I’m not happy that so many people are unhappy with number 13. But I am happy that so many people care. While some might be responding as they are out of the sad misogyny that lurks in the hearts of some geeks and gamers, I choose to believe that the angst, dismay and rage arise from the simple fact that the character and the mythology that’s evolved around him – soon to be her – matters to them.


That I like – because story should matter. Fiction might not, by definition be true. But fiction can be the vehicle for great truths in a way that the murky jumble of real world events often can’t.


And now to raise my geek cred even further – let me summon the spirit of J.R.R. Tolkien to help argue my case.


Scene: a slightly disheveled red-haired man in Star Wars pajamas stands in a deserted warehouse on the edge of town. It is dusk. Or twilight. Or something in between.


[Ray performs an arcane ritual of unspeakable horrors. The Ghost of J.R.R. Tolkien rises from the earth]


Ray: “Professor Tolkien – can I call you J.?”


Ghost of J.R.R. Tolkien: “I bring from the realm of Ancient Horrors the Secret Sublime – but know that it will drive you mad. Mad, I say! Ma – what? J.? No. No you can’t.”


Ray: “Jayster?”


Ghost of J.R.R. Tolkien: “No.”


Ray: “The J-man?”


Ghost of J.R.R. Tolkien: “No. Can we get back to the ancient mad-driving knowledge now?”


Ray: “Dr. J.? Wait, that one’s taken….”


[Exit the Ghost of J.R.R. Tolkien stage left]


Alright. So that’s not going to work.


Thankfully, Professor Tolkien has argued my point already, long before I sacrificed — er, no one, sacrificed no one — to summon him. I mean nothing! Sacrificed nothing! Not “no one.” Heh. Heh heh.


In his essay “On Fairy Stories” Tolkien has written what amounts to a defense of the fantasy genre. He begins by making the point that story – as embodied in mythology – is part and parcel of how the human being makes sense of the world, bound up in and arising from the power given us by language to become “sub-creators.”

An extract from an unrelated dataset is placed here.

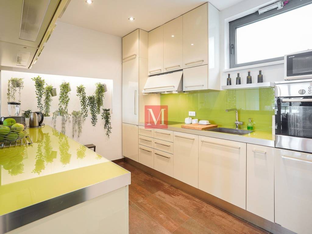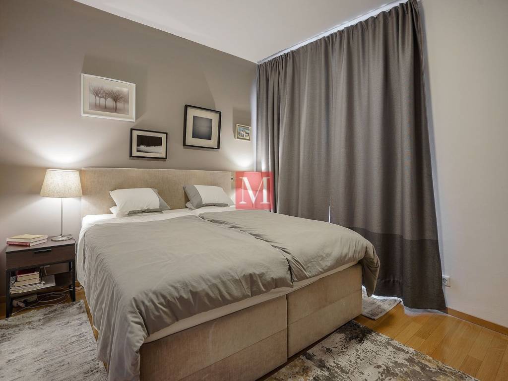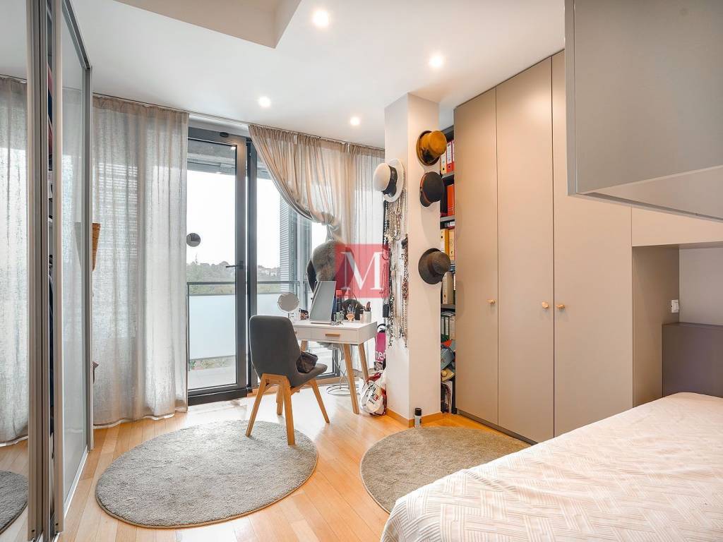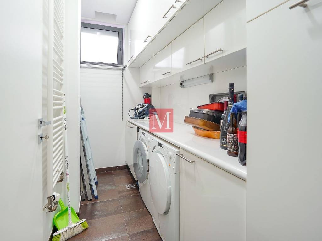 Gorgeous, luxurious, designer furbished 2 bedroom apartment with a large terrace and amazing views in a new building with an elevator in Sveti Duh. The apartment is the only one on the floor and consists of an entrance hall, open space living room with dining area and access to a covered terrace, a kitchen, master bedroom, bathroom (bathtub and shower), additional bedroom / study room and an utility / laundry room. It comes with a storage and 2 outdoor parking spaces. The apartment is fully furnished and equipped and it is leased at long term with a mandatory deposit. Available for rent from 10/2025. For people with style - recommended by the agency! Agency commission: 1 month rent+VAT.

“The incarnate mind, the tongue, and the tale are in our world coeval,” Tolkien writes, illustrating this by pointing to the awesome power of the adjective to, yes, represent what the mind, through “its powers of generalization and abstraction” discerns, but also to empower the human mind to create something new. So the mind, perceiving green grass, is able to separate out the greenness from the grass – and graft it elsewhere to powerful effect:


We may put a deadly green upon a man’s face and produce a horror; we may make the rare and terrible blue moon to shine; or we may cause woods to spring with silver leaves and rams to wear fleeces of gold, and put hot fire into the belly of the cold worm. But in such “fantasy,” as it is called, new form is made; Faerie begins; Man becomes a sub-creator (8).


What does this have to do with man babies and the 13th Doctor? Hold on. I’m getting there.


First, let me linger for a second on the idea of “sub-creation.” Maybe the best illustration of it is Tolkien’s own work – The Lord of the Rings isn’t just a story about a bunch of stuff that happens – it’s a bunch of stuff happening in a world that is leagues wide and fathoms deep, carefully crafted and coherent. The sub-creation struggles toward “’the inner consistency of reality’” (15). And it’s art that serves as the operative link “between imagining something new, and the final, coherent, complete “sub-creation” (15).


Did I mention I’m an English teacher? If I haven’t, you’ve probably guessed it by now.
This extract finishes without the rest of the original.